S. Murtaza Fazal Ali, J.

1. This appeal by certificate is directed against a judgment of the Andhra Pradesh High Court convicting the appellants under Section 148 IPC to one year R.I., Appellants Nos. 1, 2 and 3 under Section 395/397 or 7 years R.I. and Appellants Nos. 4 to 12 under Section 395 or 5 years R. I. The facts of the case have been detailed in the judgment of the High Court.

2. Counsel for the appellants submitted before us that having regard to the proved facts of the case the appellants could not be said to have committed any offence under Section 395 or 397 IPC because they sought merely to assert a bonafide claim of right in fishing in the tank which they believed to belong to the Government.

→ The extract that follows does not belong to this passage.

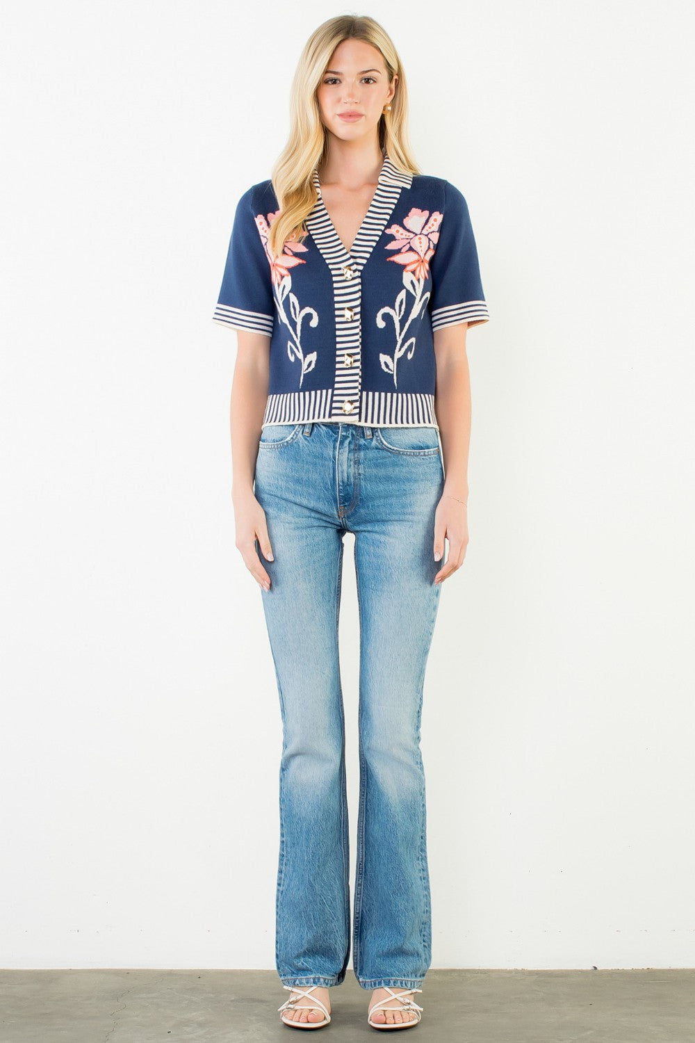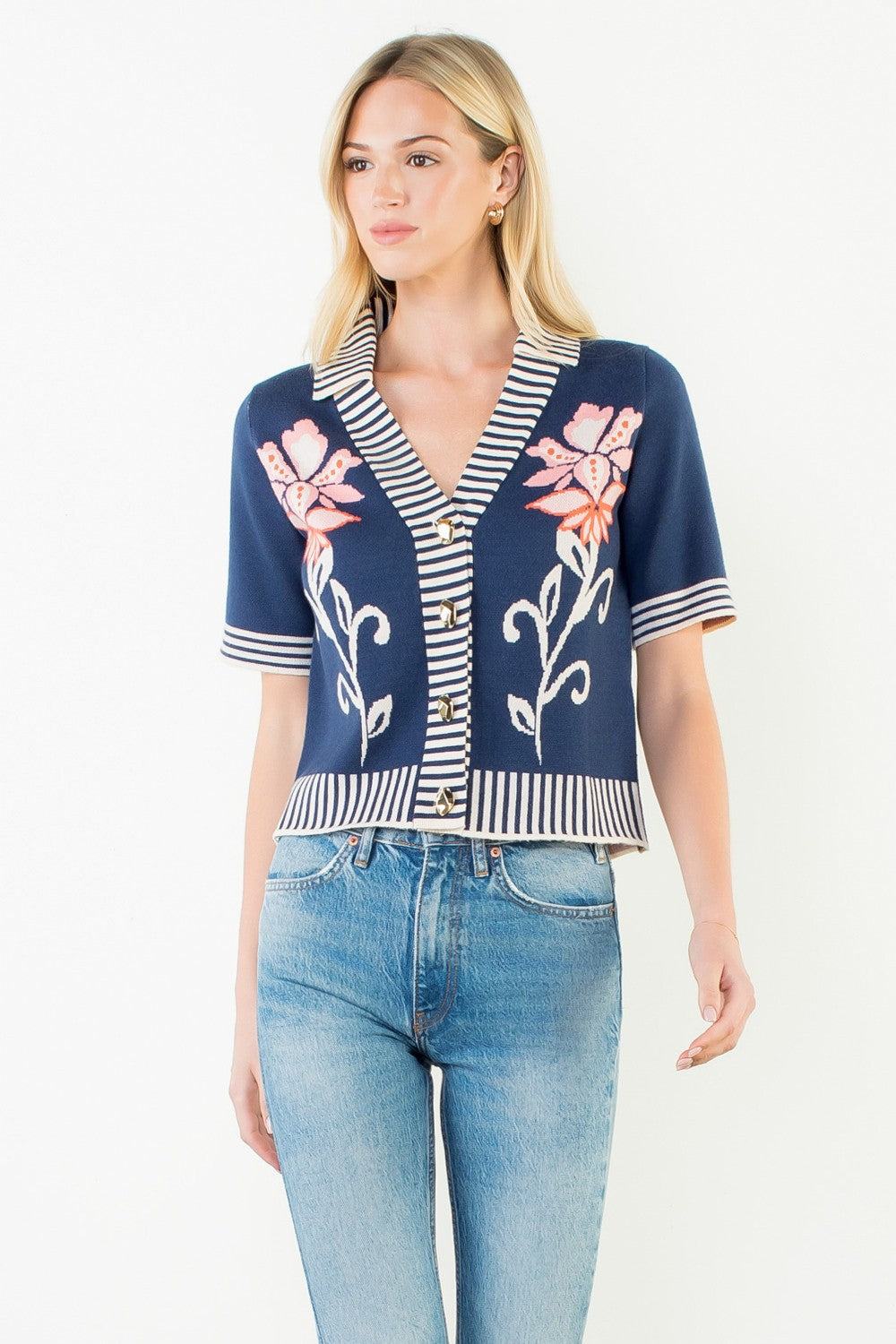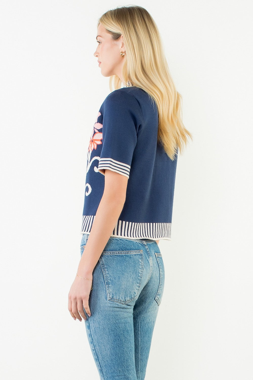 Floral Jacquard Stripe Trim Knit Top

The concurrent findings of fact of the Court below, viz, Sessions Judge and the High Court, which are based on a fair and complete consideration of the oral and documentary evidence led by the prosecution is that the tank in question belonged to private persons viz, the complainants which was leased out to them from year to year. During the period of the occurrence PW-6 was the person to whom the tank was leased. According to the prosecution as many as 400 persons variously armed with deadly weapons came to the tank, tried forcibly to take away fishes from the tank and when the witnesses protested they were threatened with dire consequences and even with the fear of death if they tried to interfere with the act of theft sought to be committed by the appellants. The Courts below have accepted the prosecution case in toto. The appellants have not produced a single document to show that the tank belonged to the Government or that there was any iota of evidence to support the appellants stand that they had any bonafide claim to the tank. It is well settled that the question of bonafied claim of right arises only where the accused show to the Courts satisfaction that their belief is reasonable and is based on some documents or title, however, weak it may be.

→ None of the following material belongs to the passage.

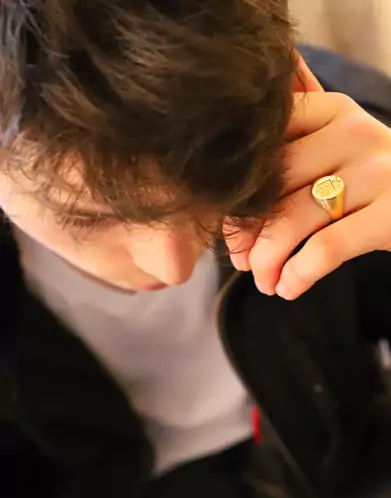 La Chevalière Olympe Massive Brossée est un bijou d’une grande qualité en or massif 18 carats, disponible en or jaune ou blanc. Son large plateau ovale de 12x8mm est méticuleusement travaillé avec une finition brossée qui lui donne un éclat discret et raffiné. Ce modèle se distingue par sa personnalisation unique grâce à la gravure de blason sur-mesure, réalisée par notre graveur héraldiste expert.

3. In the instant case, however, the appellants sought to fish in the tank by sheer force of arms. For these reasons we are unable to agree with the Counsel for the appellants that the case of dacoity has not been made out or that the case would only be one of simple theft.

4. So far as appellants Nos. 1, 2 and 3 are concerned there is consistent evidence of the prosecution witnesses to show that they were armed with deadly weapons and actually brandished them and threatened the complainants not to interfere with their fishing in the tank. The evidence also established that fishes of the value of Rs. 400/- were taken away by the appellants. In these circumstances, therefore, there can be no doubt so far as appellants Nos. 1, 2 and 3 are concerned that they were clearly guilty of Section 395/397 and the High Court was fully justified in imposing the minimum sentence required under the law viz, 7 years. So far as the appellants Nos. 4 to 12 are concerned they have been convicted only under Section 395 and in the peculiar circumstances of this case we feel that the sentence given to them errs on the side of severity. We, therefore, while maintaining the conviction of the appellants Nos. 4 to 12 under Section 395 of the IPC, reduce the sentence to three years R.I. The appellant will of course get the benefit of Section 428 of the Cr.P.C. in computing the period of sentence already served. With this modification the appeal is dismissed.